If you work with JavaScript, then you might have encountered higher-order functions. This is not to mean that they are only limited to JavaScript alone. On the contrary higher-order functions are a fundamental aspect of functional programming that can be found in various programming languages.
The ability to use higher-order functions is more linked with the language’s support for functional programming and the programming paradigm in play.
In this article we’ll dig deeper into what higher-order functions are, their use case scenarios, benefits, and some common mistakes encountered while using them in JavaScript.
What is a higher-order function?
A higher-order function is a function that takes one or more functions as arguments or returns a function as its result.
In that definition lies the key characteristics of identifying a higher-order function:
Takes a function as an argument.
Returns a function.
This whole concept of higher-order functions in programming is borrowed from mathematics, specifically from the field of functional programming and lambda calculus (a little nerdy note 😁).
In lambda calculus and mathematical logic, functions are considered first-class citizens, meaning they can be treated as values, passed as arguments to other functions, and returned as results from functions.
For example, the derivative operator in calculus is a higher-order function that maps a function to its derivative, which is also a function. Similarly, in JavaScript, filter() is a higher-order function that works on an array and takes another function as an argument that it’ll use to return a new filtered version of the array.
Now that we know what higher-order functions are, let’s move on to their applications:
Common Use Cases
1. Callback functions
A callback function is simply a function that is passed as an argument to another function and is executed inside the outer function to complete some routine or action.
This technique allows a function to call another function.
Callback functions are commonly used in asynchronous programming to handle tasks that may take time to complete such as a network request or handling an event for example a button click or a timer expiration.
Let’s implement a simple instance of callbacks in play within an asynchronous task:
// Asynchronous application of a callback function
function getDataFromServer(callback) {
// Simulating a server request with a setTimeout
setTimeout(function() {
const data = 'Data from the server';
callback(data);
}, 2000);
}
// Callback function to handle the data
function displayData(data) {
console.log('Data received: ' + data);
}
// Calling the function with the callback
getDataFromServer(displayData);
In this example, we use the getDataFromServer function to simulate a server request using setTimeout and then call the callback function with the data after 2 seconds.
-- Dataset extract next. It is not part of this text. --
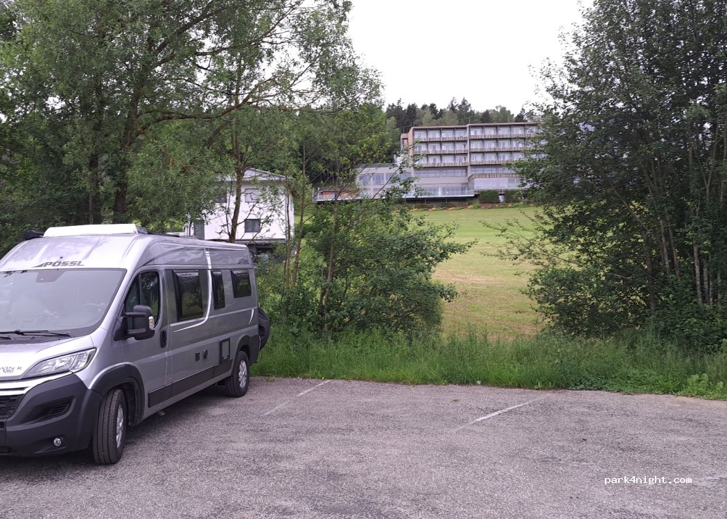 Byli jsme tu přes noc sami, krásný klid. 3 místa pro karavany s dodatkovou tabulkou od 18h do 9h. Zůstali jsme až do oběda a nevadilo to, byl všední den a prázdno. Vedle hezké malé koupaliště za 4 eura a okruh lesem se zastávkami pro deti.

The displayData function is the callback that handles the received data. When getDataFromServer is called with displayData as the callback, it logs the received data after 2 seconds.
This demonstrates the asynchronous nature of the callback, as the data is handled after the server request is complete.
2. Array Methods
Array methods are functions that can be called on an array object to perform various operations on the array.
They are quite a number but not all of them are higher-order functions it should be noted. The higher-order array methods are:
forEach()
map()
sort()
filter() and
reduce()
Let’s take a quick look at each:
1. forEach()
This is a higher-order function that iterates over each item of an array executing the function passed in as an argument for each item of the array. Illustration:
const numbers = [1, 2, 3, 4];
numbers.forEach((num) => console.log(num));
// Output: 1, 2, 3, 4
2. map()
This higher-order function returns a new array based on the results from the function passed in as an argument and called on each element of the original array.
Illustration:
const numbers = [1, 2, 3, 4, 5];
const doubledNumbers = numbers.map((num) => num * 2);
console.log(doubledNumbers);
// Output: [2, 4, 6, 8, 10]
Each element from the numbers array is multiplied by 2 to create a new array through the map() method.
3. sort()
As the name suggests when called on an array it sorts it and returns it in default ascending order. Under the hood though, it changes each element into a string and compares their sequence.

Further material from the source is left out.